---------- TASK MATERIAL ----------

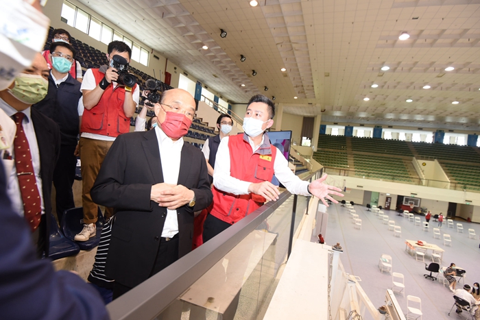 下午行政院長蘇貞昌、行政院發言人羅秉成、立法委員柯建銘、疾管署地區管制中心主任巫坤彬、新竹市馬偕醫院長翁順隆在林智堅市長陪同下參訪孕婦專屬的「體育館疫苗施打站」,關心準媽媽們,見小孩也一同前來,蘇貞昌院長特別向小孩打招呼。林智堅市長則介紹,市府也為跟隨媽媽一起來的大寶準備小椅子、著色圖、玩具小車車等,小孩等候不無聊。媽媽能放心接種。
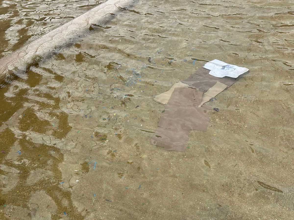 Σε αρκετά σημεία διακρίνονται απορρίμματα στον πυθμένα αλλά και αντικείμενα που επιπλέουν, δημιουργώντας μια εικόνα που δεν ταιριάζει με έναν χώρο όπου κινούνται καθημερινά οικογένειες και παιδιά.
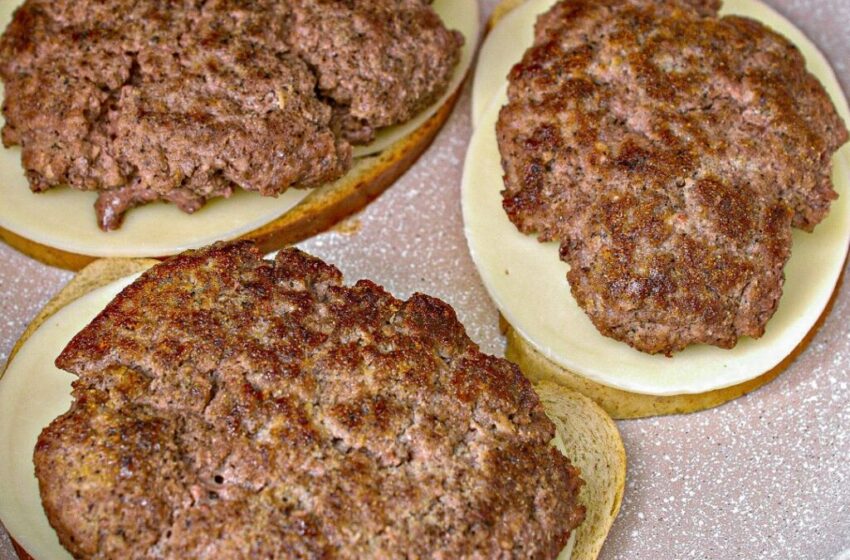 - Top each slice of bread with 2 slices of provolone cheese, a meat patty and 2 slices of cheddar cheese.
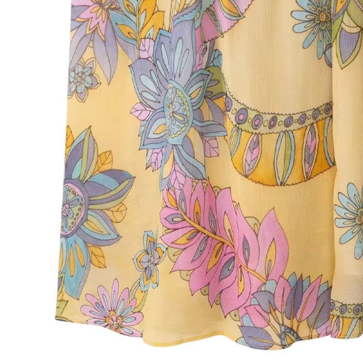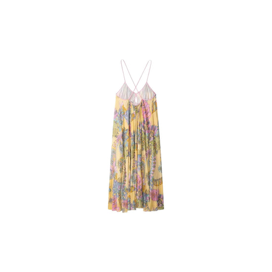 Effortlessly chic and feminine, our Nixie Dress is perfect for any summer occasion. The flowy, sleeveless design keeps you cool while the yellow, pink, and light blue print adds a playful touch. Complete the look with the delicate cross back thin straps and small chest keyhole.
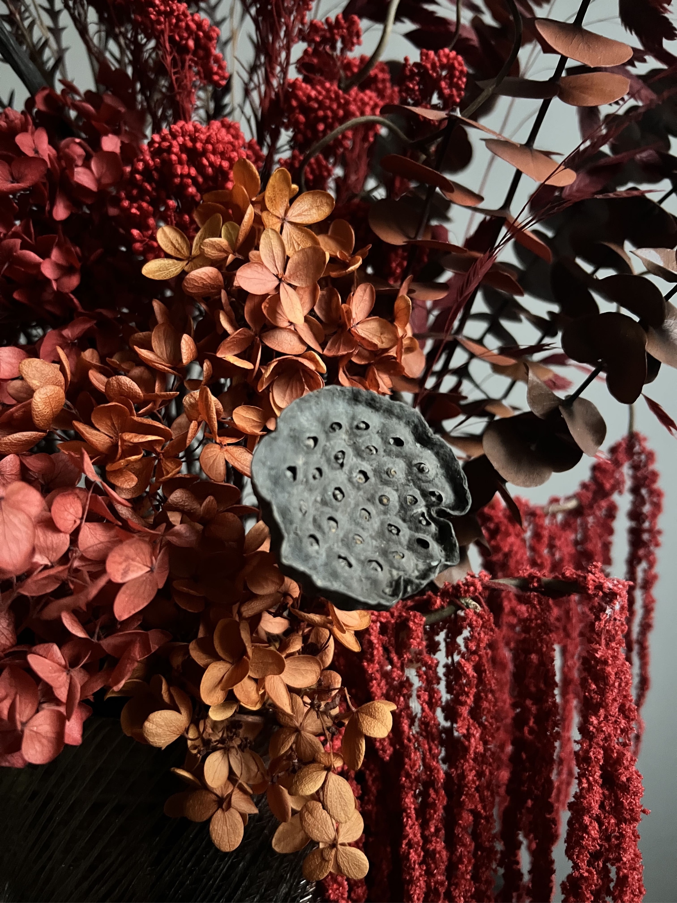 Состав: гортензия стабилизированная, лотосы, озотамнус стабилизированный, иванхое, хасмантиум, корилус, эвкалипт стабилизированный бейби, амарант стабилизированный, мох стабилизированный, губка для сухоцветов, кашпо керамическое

----------

## WORK REQUIRED
After locating the line that holds "- Top each slice", output exactly the lines from it through the last line of the material above, inclusive, without pictures.

## WRITTEN REPLY
 - Top each slice of bread with 2 slices of provolone cheese, a meat patty and 2 slices of cheddar cheese.
 Effortlessly chic and feminine, our Nixie Dress is perfect for any summer occasion. The flowy, sleeveless design keeps you cool while the yellow, pink, and light blue print adds a playful touch. Complete the look with the delicate cross back thin straps and small chest keyhole.
 Состав: гортензия стабилизированная, лотосы, озотамнус стабилизированный, иванхое, хасмантиум, корилус, эвкалипт стабилизированный бейби, амарант стабилизированный, мох стабилизированный, губка для сухоцветов, кашпо керамическое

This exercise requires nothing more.